One Dataset--Multiple Documents

One of the most useful features in DITA is Conditional Processing (or Profiling), which allows you to use the same set of source files to create different versions of your documentation. Content is marked in a way that you can filter out entire topics, paragraphs, sentences, and even words.

DITA offers a set of standard profiling attributes that are applicable to most elements. Those attributes are: 

  • audience
  • platform
  • product
  • props
  • otherprops
  • rev

Most of the names are self-explanatory. The props and otherprops attributes are meant to be generic for that you can use for any situation. The rev attribute is meant to identify material that was added or changed during a revision.

Let's take a look at how you could use these attributes to create different versions of a document.

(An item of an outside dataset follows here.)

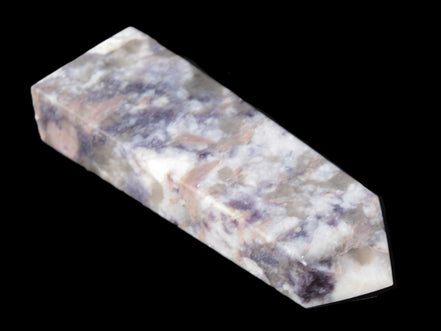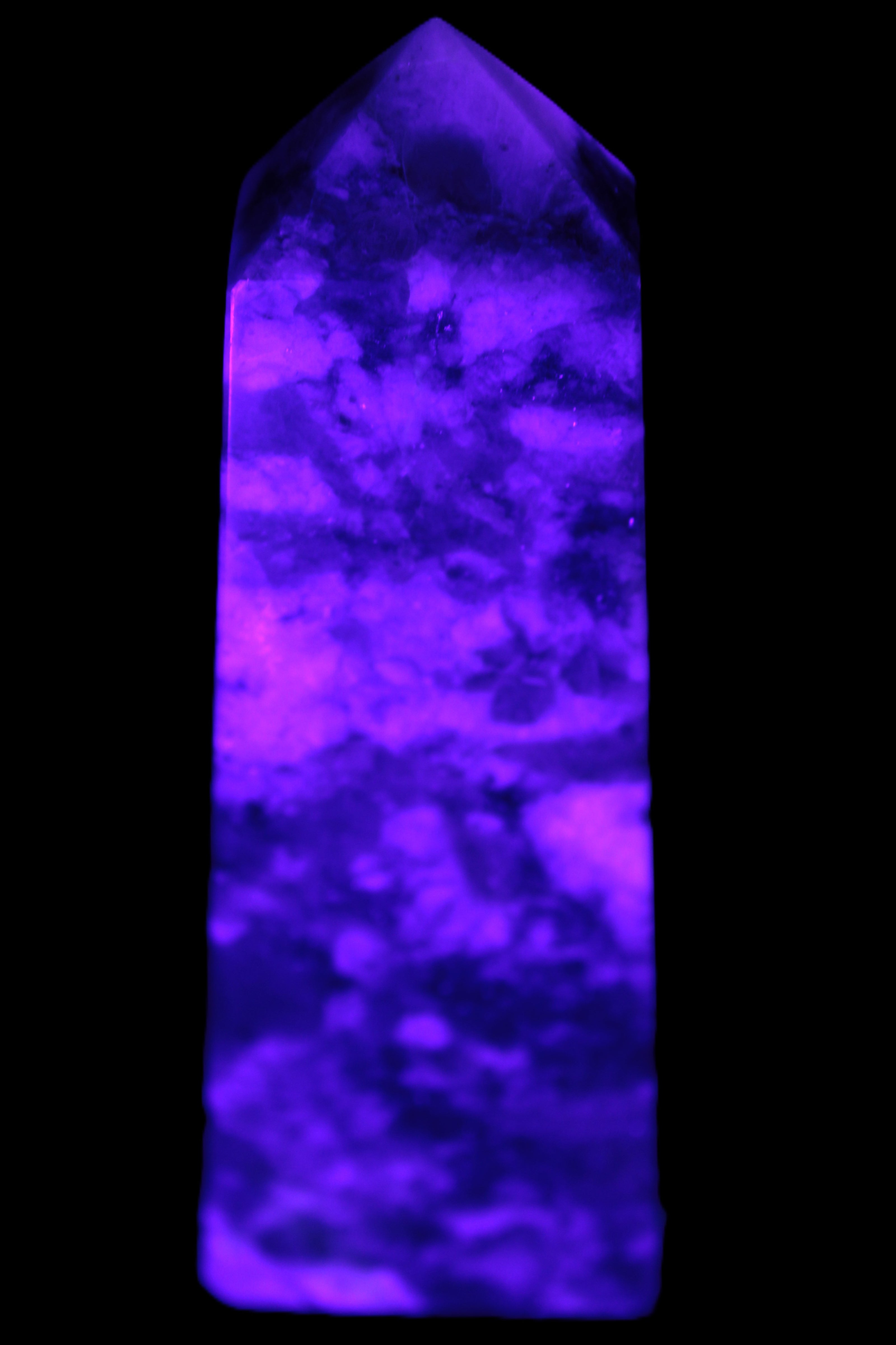 I have called this item Plum Blossom Tourmaline Quartz obelisk because of the striking Elbaite Tourmaline colours and patterns. These in their Quartz setting make me think of flower blossoms and plums, so Plum Blossom.  This is a beautiful stone in natural light and UV. It is UV reactive, with greens appearing under shorter wavelength UV (365 nm). It is loaded with Pink Tourmaline and Mica, including Lepidolite. The source rock seems to be a lithium rich pegmatite, perhaps from Brazil or Pakistan.
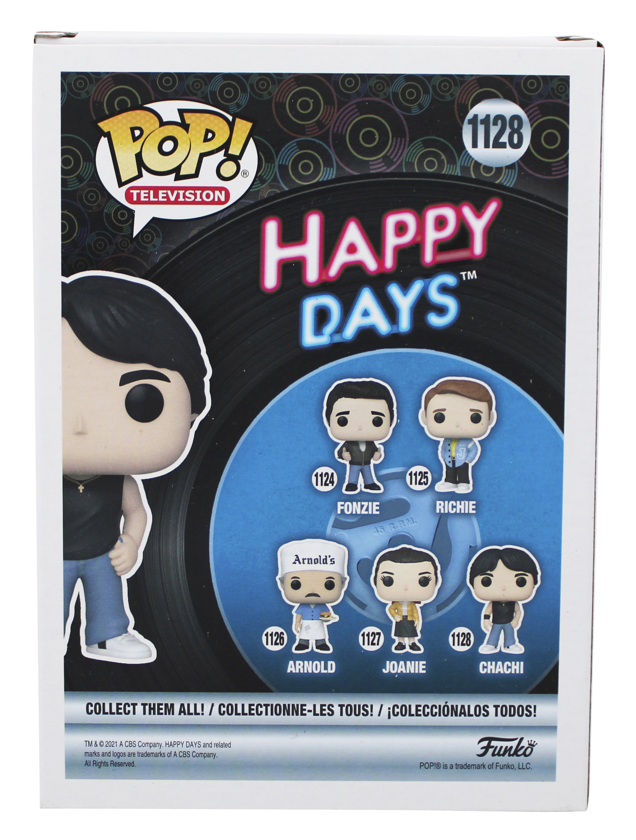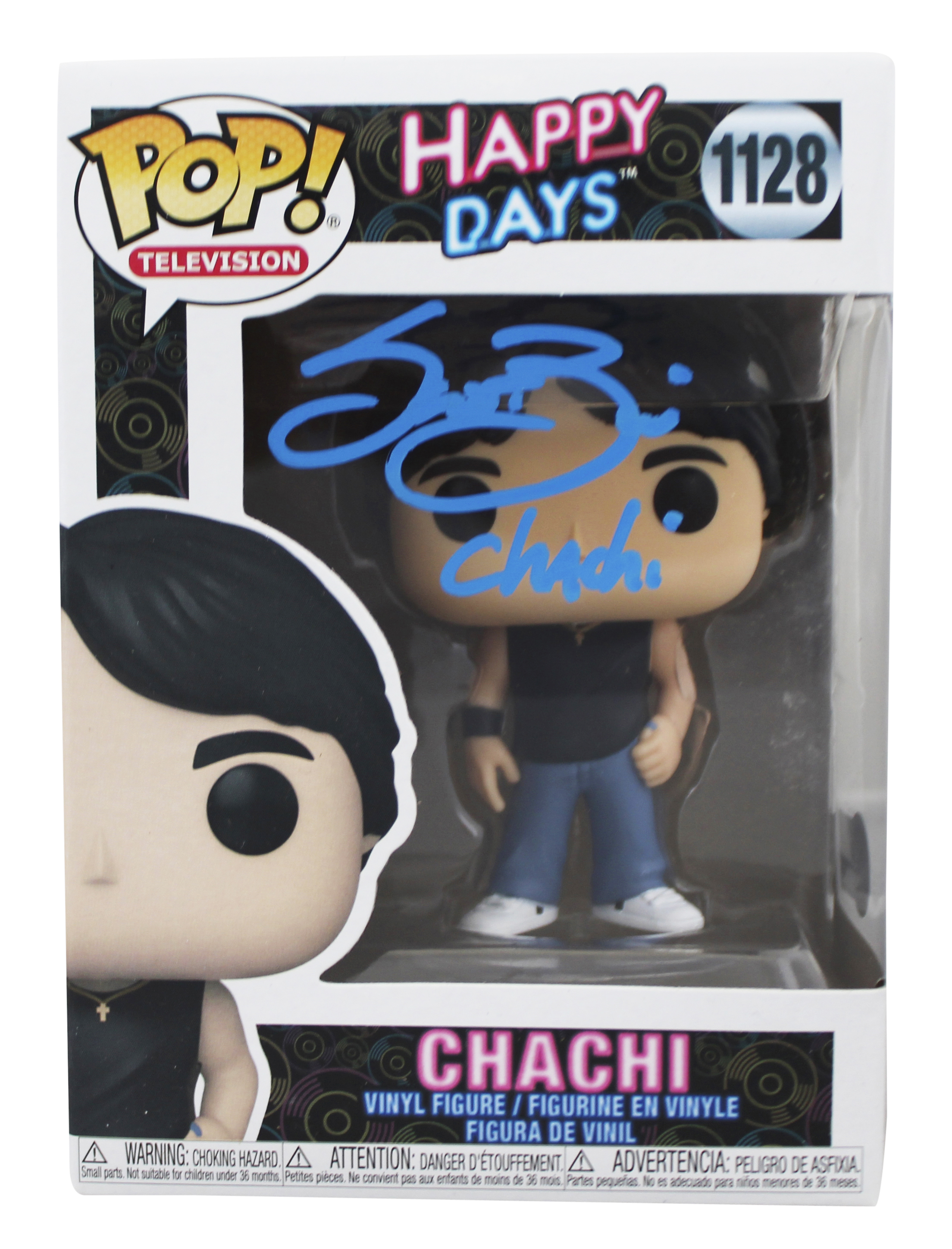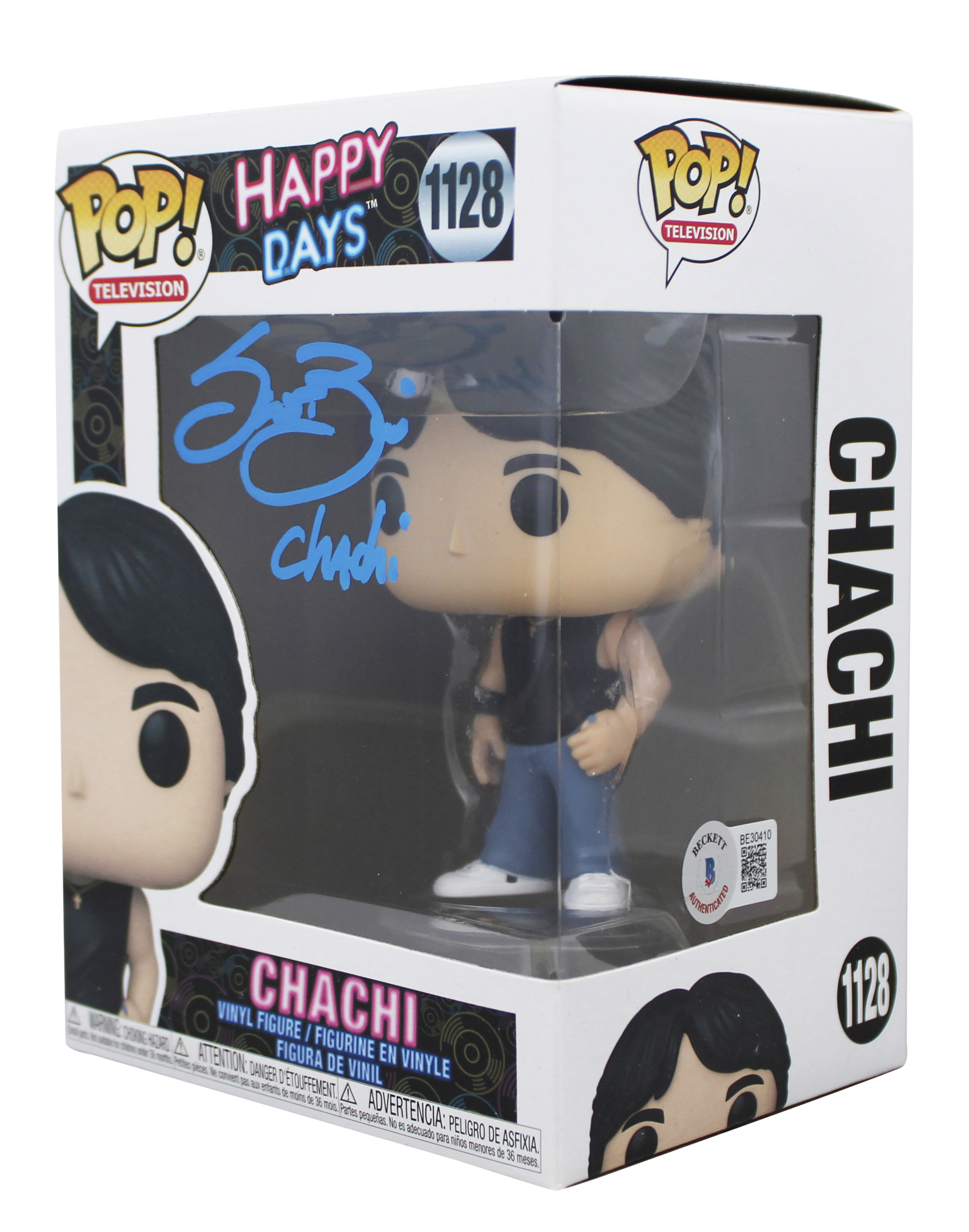 This Autographed Chachi #1128 Funko Pop Vinyl Figure with the inscription of "Chachi " has been Personally Signed by Scott Baio of Happy Days. This item is 100% Authentic to include a hologram by Beckett Authentication Services. This item will come with an affixed Beckett Authentication Services (BAS) authentication sticker, which includes a scannable QR code to verify authenticity. Please note that Beckett no longer provides serial-numbered COA cards, and the attached BAS sticker will serve as the complete authentication for this item. The authenticity can be verified on Beckett Authentication Services website. This item will ship in a Pop! Protector, please refer to the photos for condition of the item prior to purchase. This Funko is in good condition, but it would not be considered mint.

Figure 1 is part of a sample topic for installing a product on either a Windows or a UNIX operating system.

Figure 1

 

Figure 2 is the source material for the topic.

Figure 2
 
 

Your project manager tells you that you have customers that are only interested in Windows and some that are only interested in UNIX. Add into that pot folks that are using both Windows and UNIX.  Which of those profiling attributes are you going to use?  You got it, platform!
 

Figure 3 is how you have tagged the source to create docs for each set of customers.

Figure 3

 

For the customer that is interested in both Windows and UNIX, you added a platform attribute called all. Then you added an info section with only the Windows information and tagged it with a platform attribute called windows. And finally, you added platform attribute called unix for the the UNIX customers. Now, how do you get those marked sections to show itself or to hide. The answer is to create a ditaval file.
 

A ditaval file is used to instruct the transform what to do with your conditional attributes. Figure 4 is the ditaval file I created for the topic.

Figure 4

 

In this ditaval file, only the platform values of all will be displayed. So you would get a topic just like Figure 1 after your transform is completed. If you want to display only the Windows platform, you would edit your ditaval file as shown in Figure 5.

Figure 5

 

The resulting topic after you transform is shown in Figure 6.

Figure 6

 

And you would do the similar to create a UNIX only topic.

 

Now your project manager tells you that your customers want separate documentation for novice and experienced users. So you take a look at your documentation and decide that an experienced user wouldn't need to be told what the variables (x and license_filename.lic) mean. In this case, you would use the audience attribute on selected paragraphs as in Figure 7.

Figure 7

 

Paragraphs that only a novice would be interested in are marked with an audience attribute called novice. Before you transform, you need to add the attribute to your ditaval file as seen in Figure 8.

Figure 8

 

The ditaval instructions now read to include platform attributes called windows, exclude platform attributes called unix and all, and exclude audience attributes called novice. After you transform, you get the topic seen in Figure 9.

Figure 9


 

We're not done yet. Now your project manager tells you that have a customer that thinks desktops are history. Therefore, they want only references to the laptop. The offending word is in your short description. Do you want to create two short descriptions and label them with appropriate attributes? You could. Or you could attack the offending words directly using the <ph> tag and the props attribute as seen in Figure 10.

Figure 10

 

Note that the word or is also tagged. If it isn't excluded also, the sentence will not make sense.

Now you add the attribute to your ditaval file as in Figure 11.

Figure 11

 


The ditaval file instructions read to:

  • include platform attributes called windows,
  • exclude platform attributes called unix and all,
  • exclude audience attributes called novice, 
  • and exclude props attributes called desktop.

This results in the topic seen in Figure 12.

Figure 12

 

Summary

We only took a look at the platform, audience, and props attributes in this post. I think you get the idea though. DITA's conditional processing is a powerful and useful feature.